#### [ASSIGNED TASK]
All of the data is to be written out again exactly, without the pictures.

#### [RECORD EXCERPTS]
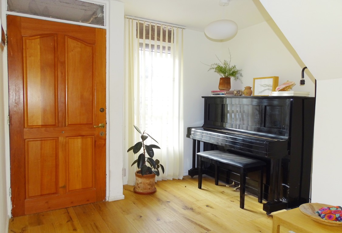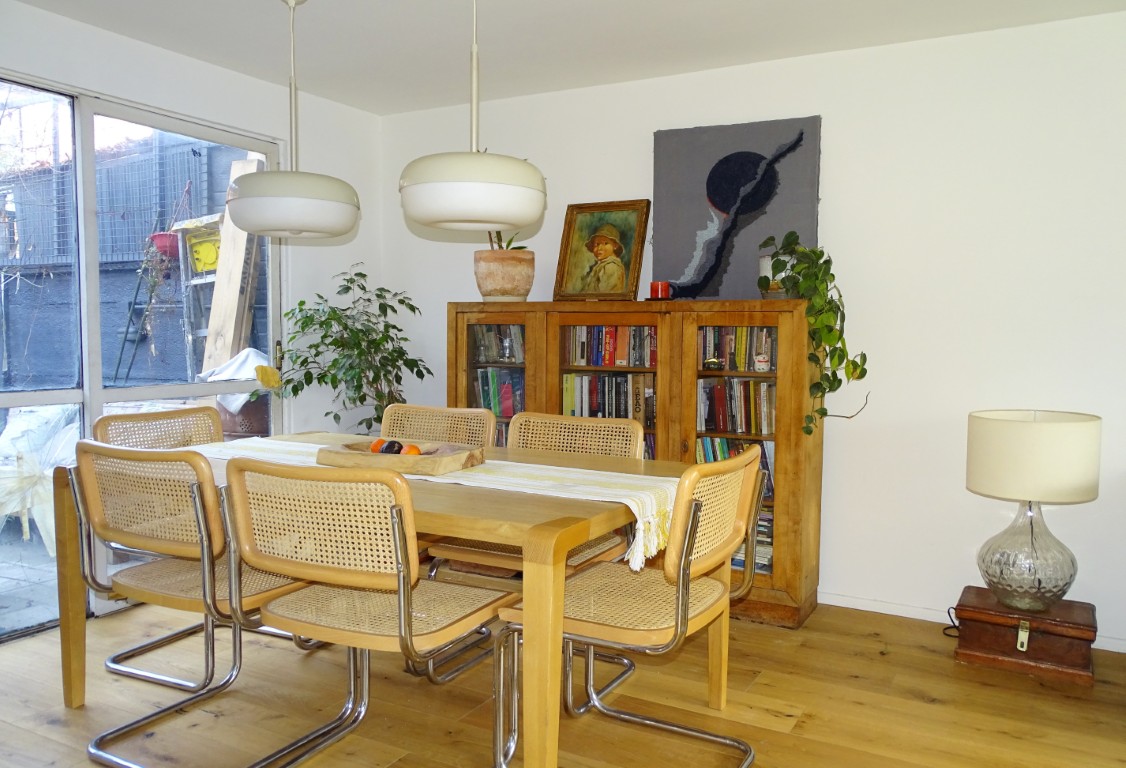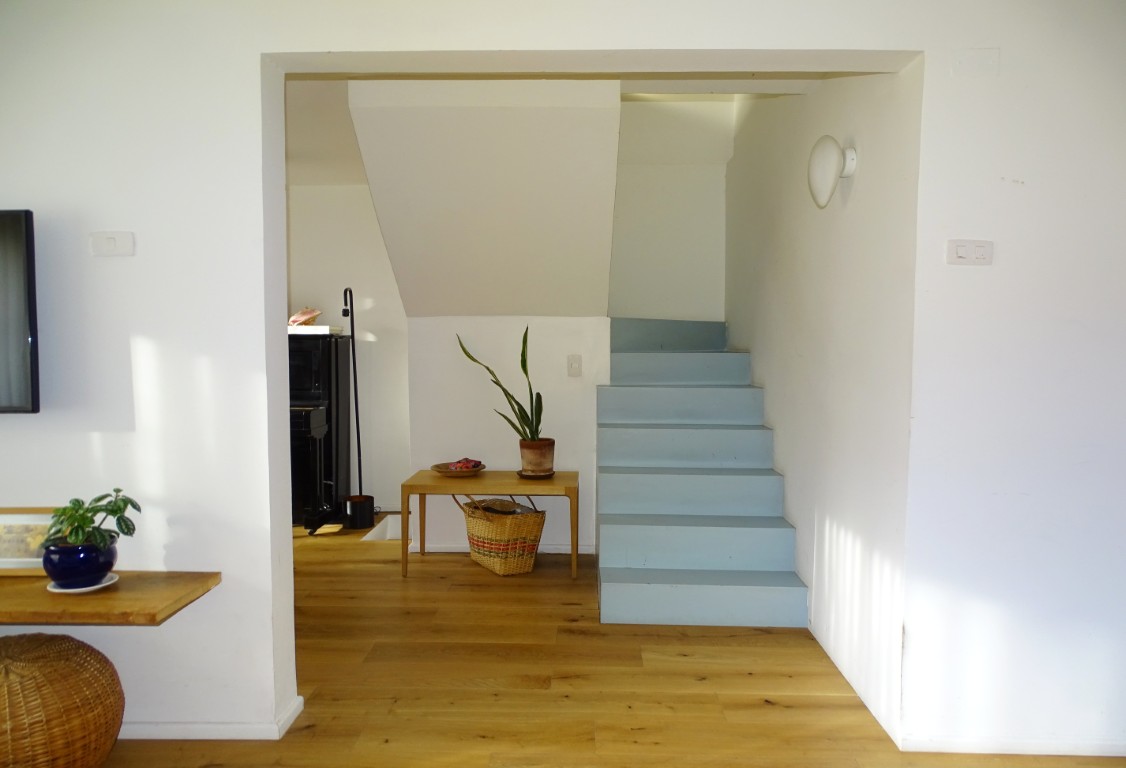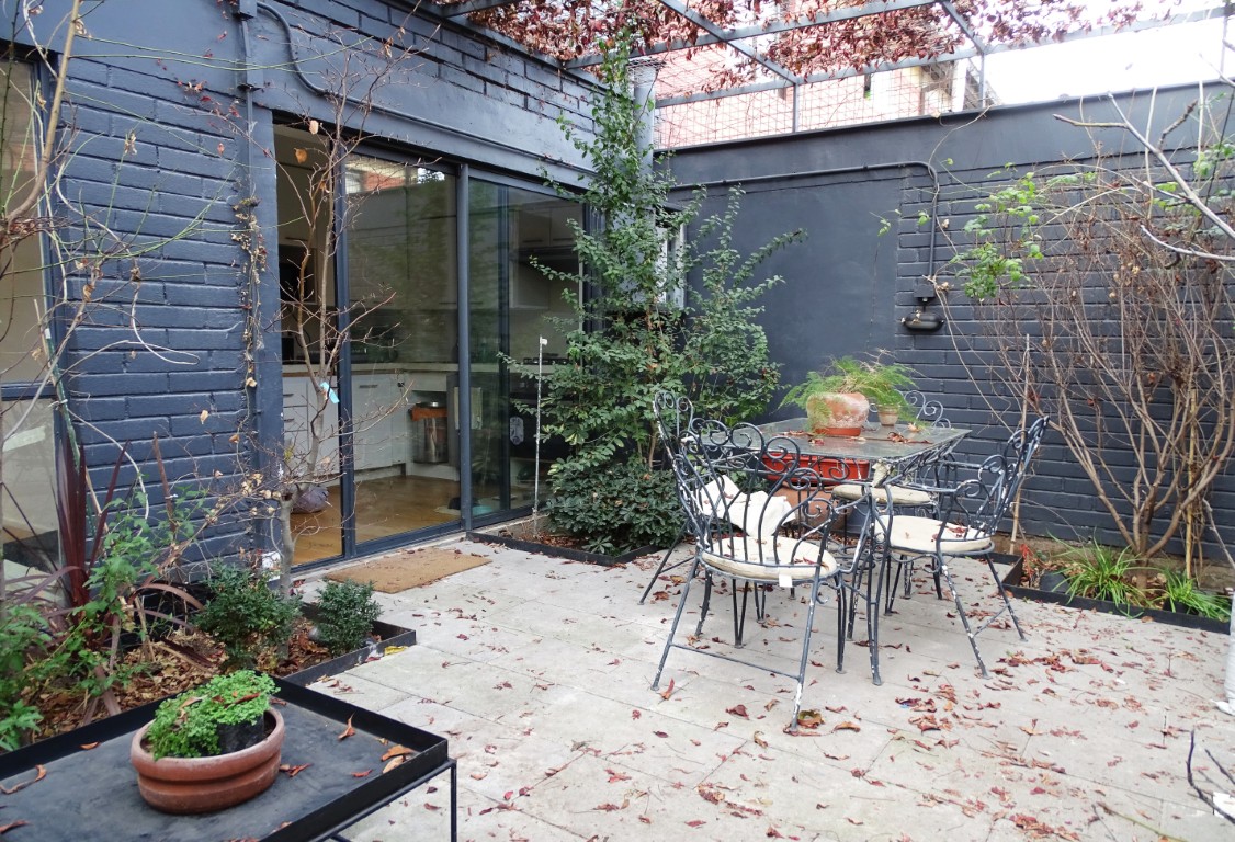 Se accede desde un holgado Antejardín, con espacio para estacionar. Hall de Acceso amplio, Baño de Visitas, bajo la escalera, remodelado. Living luminoso, volcado al oriente. Comedor amplio, con ventanales que dan al Patio Trasero. Cocina abierta, refaccionada. Patio duro, rodeado de plantas, acogedor, con espacios para instalar tanto un juego de terraza como un comedor exterior.
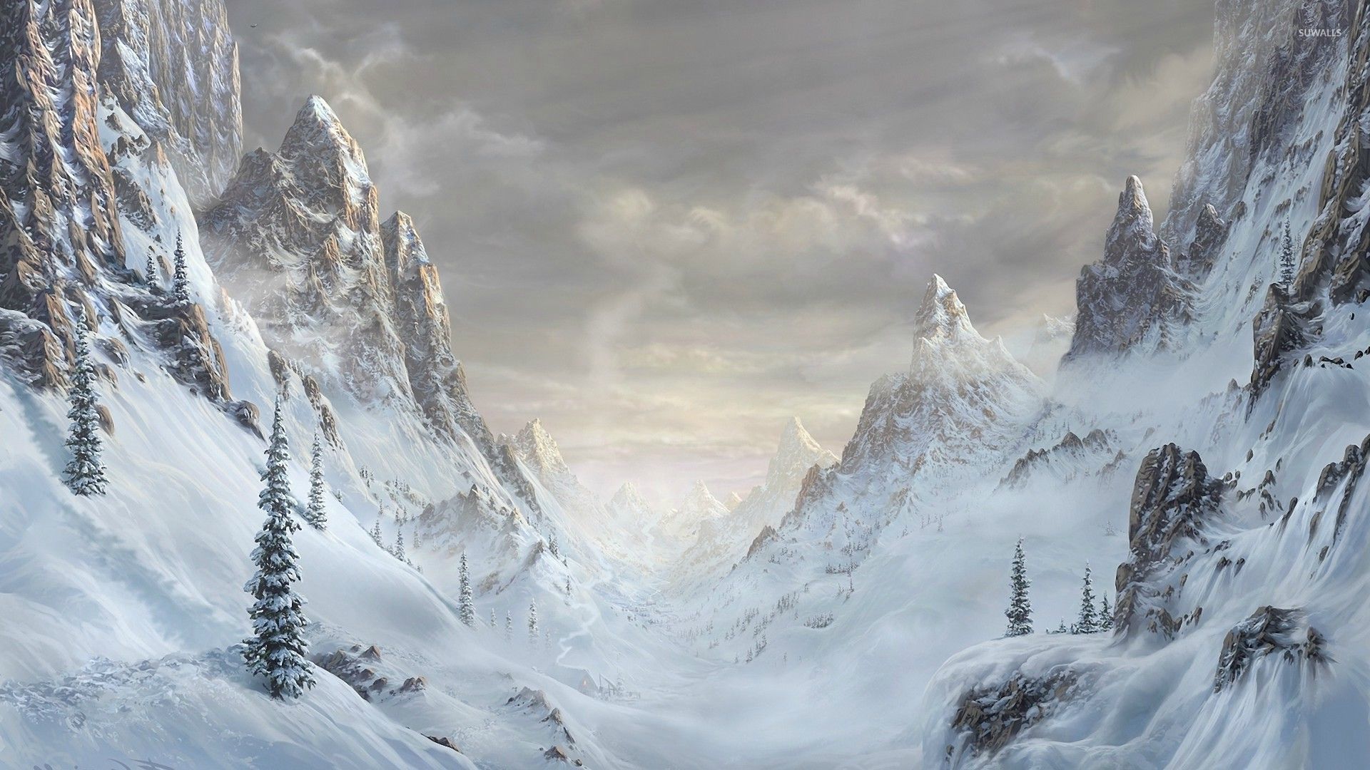 Description: A painting of a snowy mountain landscape with a sky background and clouds above it.
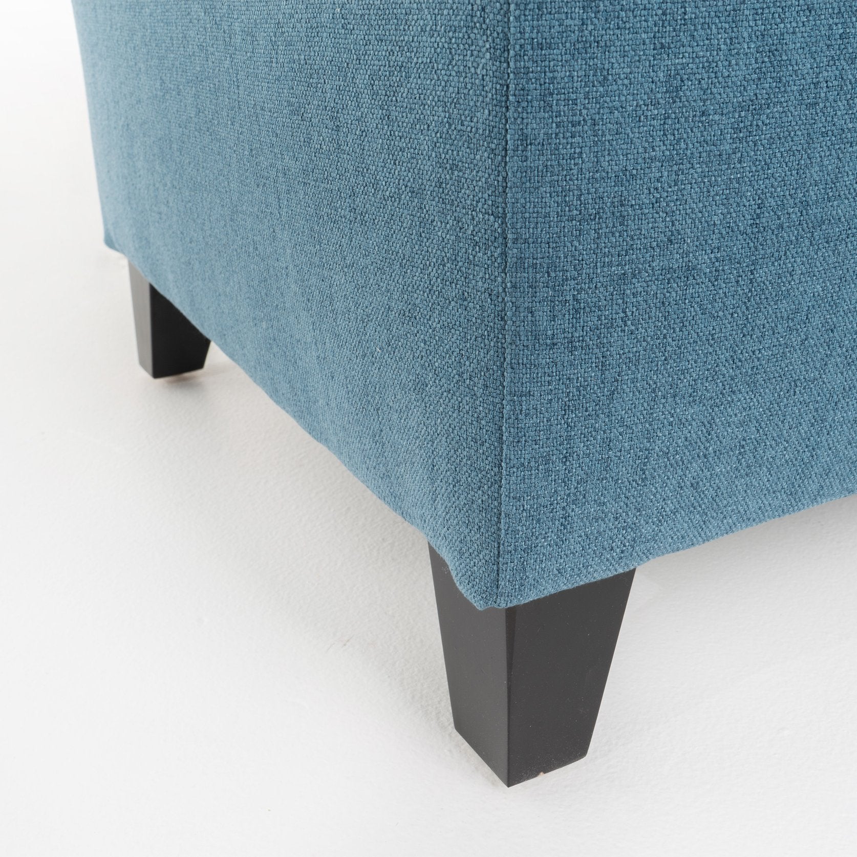 Add smart storage and extra seating to your living space with this versatile fabric storage ottoman. Upholstered in a rich blue fabric with sturdy birch legs, it offers concealed storage for games, remotes, blankets, and more while doubling as comfortable seating or a footrest. Its clean lines and timeless silhouette complement modern and transitional decor.
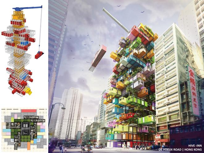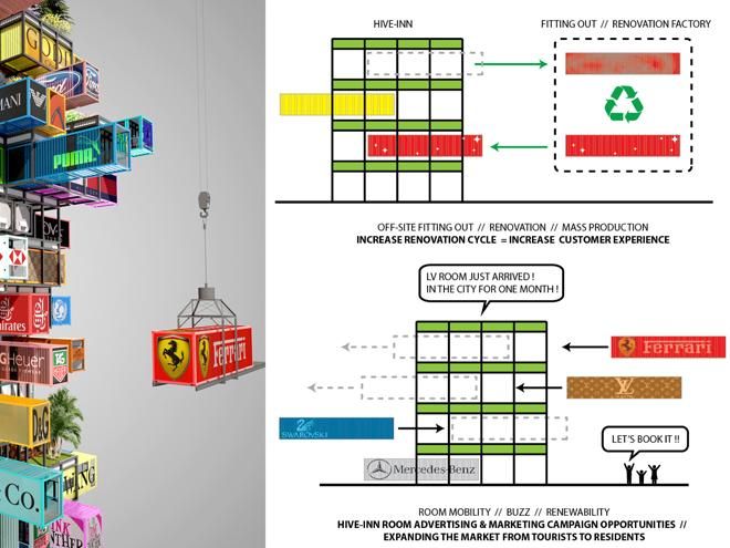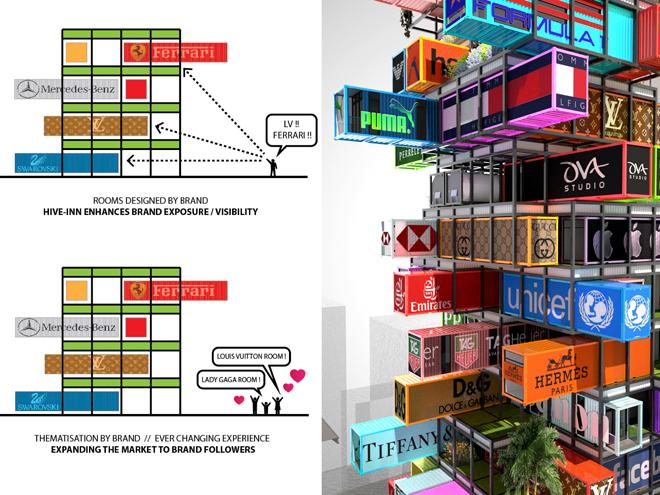 Deschide GaleriaArhitectii din Hing Kong, de la O VA Studio, au creat conceptul si designul pentru Hotelul Hive-Inn, care va fi realizat complet din containere de transprot, toate colorate si marcate cu brandurile companiilor care vor avea sediu sau magazin de prezentare in cadrul acestui hotel luxos.
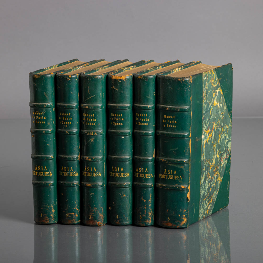 Em seis volumes, por Manuel de Faria e Sousa. Biblioteca Histórica - Série Ultramarina. Livraria Civilização Editora. Porto. 1945-1947. Meia encadernação de pele com ferros a ouro. Sinais de uso e pequenos defeitos.
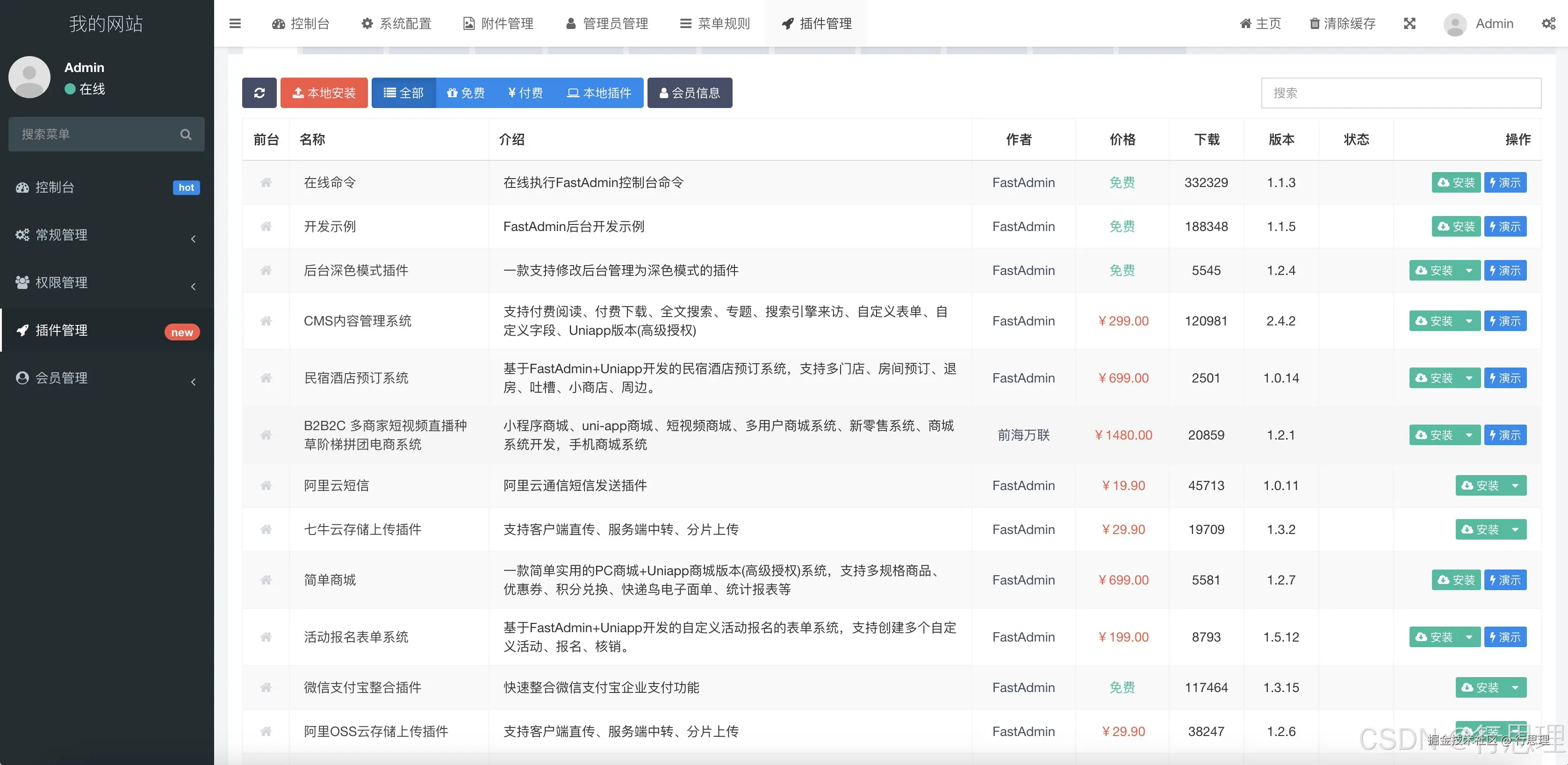 插件部分才是系统的核心,需要什么系统,下载对应的插件就可以了,需要商城下载商城的插件、需要CMS下载CMS插件,插件还是挺丰富的
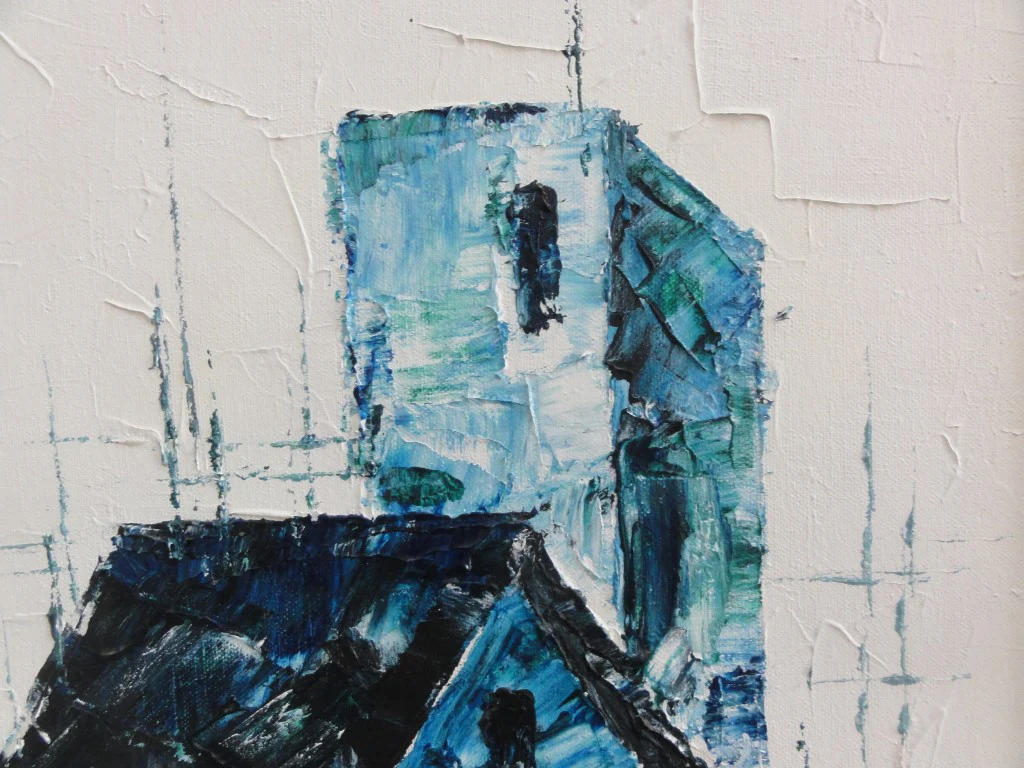 Description: Signed Mid Century Blue House Painting in nice as found VINTAGE condition (see photos)
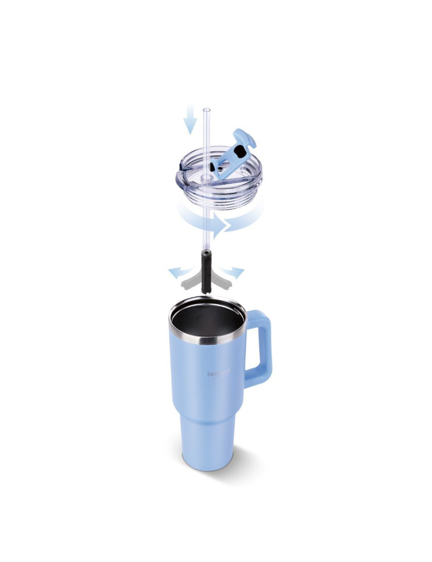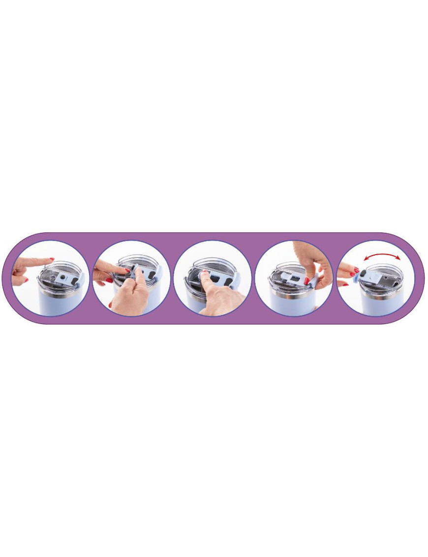 Jeho výhodou je ergonomická rukoväť a praktické slamka vo vnútri hrnčeka, ktoré možno ľahko zasunúť, keď sa nepoužíva. Nápoje je možné z hrnčeka konzumovať nielen cez slamku, ale aj zatvárací otvor vo v...

#### [ANSWER TO THE EXERCISE]
 Se accede desde un holgado Antejardín, con espacio para estacionar. Hall de Acceso amplio, Baño de Visitas, bajo la escalera, remodelado. Living luminoso, volcado al oriente. Comedor amplio, con ventanales que dan al Patio Trasero. Cocina abierta, refaccionada. Patio duro, rodeado de plantas, acogedor, con espacios para instalar tanto un juego de terraza como un comedor exterior.
 Description: A painting of a snowy mountain landscape with a sky background and clouds above it.
 Add smart storage and extra seating to your living space with this versatile fabric storage ottoman. Upholstered in a rich blue fabric with sturdy birch legs, it offers concealed storage for games, remotes, blankets, and more while doubling as comfortable seating or a footrest. Its clean lines and timeless silhouette complement modern and transitional decor.
 Deschide GaleriaArhitectii din Hing Kong, de la O VA Studio, au creat conceptul si designul pentru Hotelul Hive-Inn, care va fi realizat complet din containere de transprot, toate colorate si marcate cu brandurile companiilor care vor avea sediu sau magazin de prezentare in cadrul acestui hotel luxos.
 Em seis volumes, por Manuel de Faria e Sousa. Biblioteca Histórica - Série Ultramarina. Livraria Civilização Editora. Porto. 1945-1947. Meia encadernação de pele com ferros a ouro. Sinais de uso e pequenos defeitos.
 插件部分才是系统的核心,需要什么系统,下载对应的插件就可以了,需要商城下载商城的插件、需要CMS下载CMS插件,插件还是挺丰富的
 Description: Signed Mid Century Blue House Painting in nice as found VINTAGE condition (see photos)
 Jeho výhodou je ergonomická rukoväť a praktické slamka vo vnútri hrnčeka, ktoré možno ľahko zasunúť, keď sa nepoužíva. Nápoje je možné z hrnčeka konzumovať nielen cez slamku, ale aj zatvárací otvor vo v...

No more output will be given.